Input Block Start
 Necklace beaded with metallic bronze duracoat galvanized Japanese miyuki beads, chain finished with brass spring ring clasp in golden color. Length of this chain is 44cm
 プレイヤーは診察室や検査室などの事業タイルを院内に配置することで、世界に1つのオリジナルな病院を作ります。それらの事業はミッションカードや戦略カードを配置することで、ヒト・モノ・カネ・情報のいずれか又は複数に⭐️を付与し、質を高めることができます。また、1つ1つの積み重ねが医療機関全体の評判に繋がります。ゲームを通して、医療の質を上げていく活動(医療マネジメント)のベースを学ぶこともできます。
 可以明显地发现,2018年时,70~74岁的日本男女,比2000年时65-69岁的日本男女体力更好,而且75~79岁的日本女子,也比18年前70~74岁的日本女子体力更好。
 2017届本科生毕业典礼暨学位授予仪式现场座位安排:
Input Block End
Input Block Start
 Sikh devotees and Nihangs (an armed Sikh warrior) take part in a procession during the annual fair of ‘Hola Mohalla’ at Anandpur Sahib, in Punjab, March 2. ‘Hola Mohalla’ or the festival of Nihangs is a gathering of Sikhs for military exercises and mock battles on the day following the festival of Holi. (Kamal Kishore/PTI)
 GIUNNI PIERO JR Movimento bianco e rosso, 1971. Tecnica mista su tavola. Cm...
Input Block End
Input Block Start
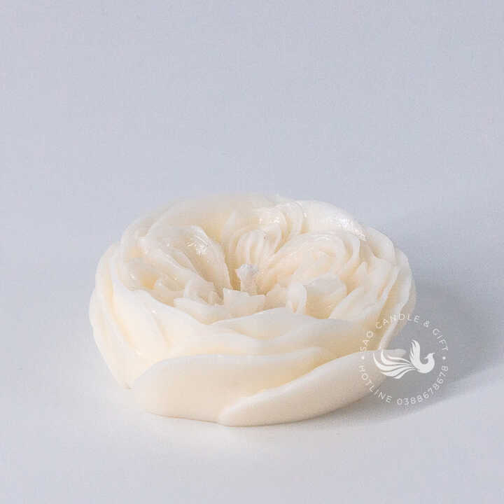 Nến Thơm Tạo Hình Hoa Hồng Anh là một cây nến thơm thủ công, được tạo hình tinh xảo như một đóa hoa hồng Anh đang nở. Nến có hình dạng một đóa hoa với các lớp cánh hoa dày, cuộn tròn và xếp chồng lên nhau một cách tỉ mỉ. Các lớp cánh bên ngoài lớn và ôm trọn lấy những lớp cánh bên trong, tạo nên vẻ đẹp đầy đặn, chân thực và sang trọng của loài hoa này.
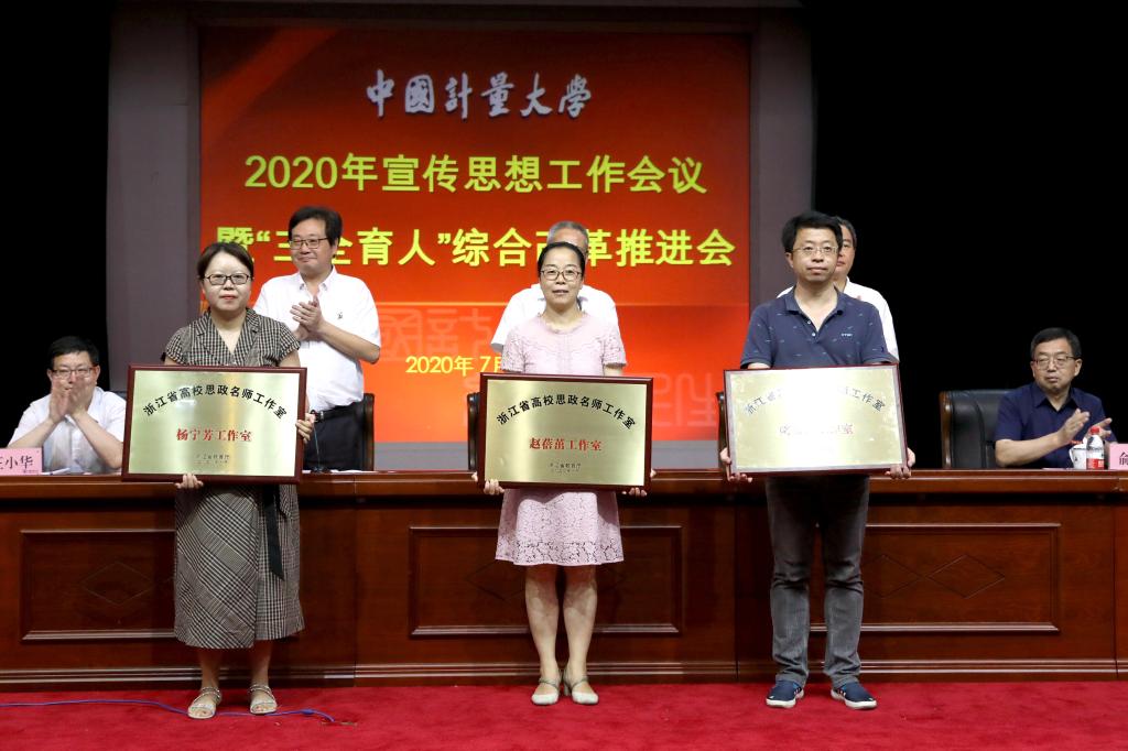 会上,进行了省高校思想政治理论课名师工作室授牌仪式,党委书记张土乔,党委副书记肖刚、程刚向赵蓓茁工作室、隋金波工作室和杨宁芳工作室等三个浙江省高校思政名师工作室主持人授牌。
Input Block End
Task details:
In the entries above, find the line with "Nến Thơm Tạo" and the line with "会上,进行了省高校思想政治理". Write out exactly those two lines and every line between them, pictures excluded.

Solution:
 Nến Thơm Tạo Hình Hoa Hồng Anh là một cây nến thơm thủ công, được tạo hình tinh xảo như một đóa hoa hồng Anh đang nở. Nến có hình dạng một đóa hoa với các lớp cánh hoa dày, cuộn tròn và xếp chồng lên nhau một cách tỉ mỉ. Các lớp cánh bên ngoài lớn và ôm trọn lấy những lớp cánh bên trong, tạo nên vẻ đẹp đầy đặn, chân thực và sang trọng của loài hoa này.
 会上,进行了省高校思想政治理论课名师工作室授牌仪式,党委书记张土乔,党委副书记肖刚、程刚向赵蓓茁工作室、隋金波工作室和杨宁芳工作室等三个浙江省高校思政名师工作室主持人授牌。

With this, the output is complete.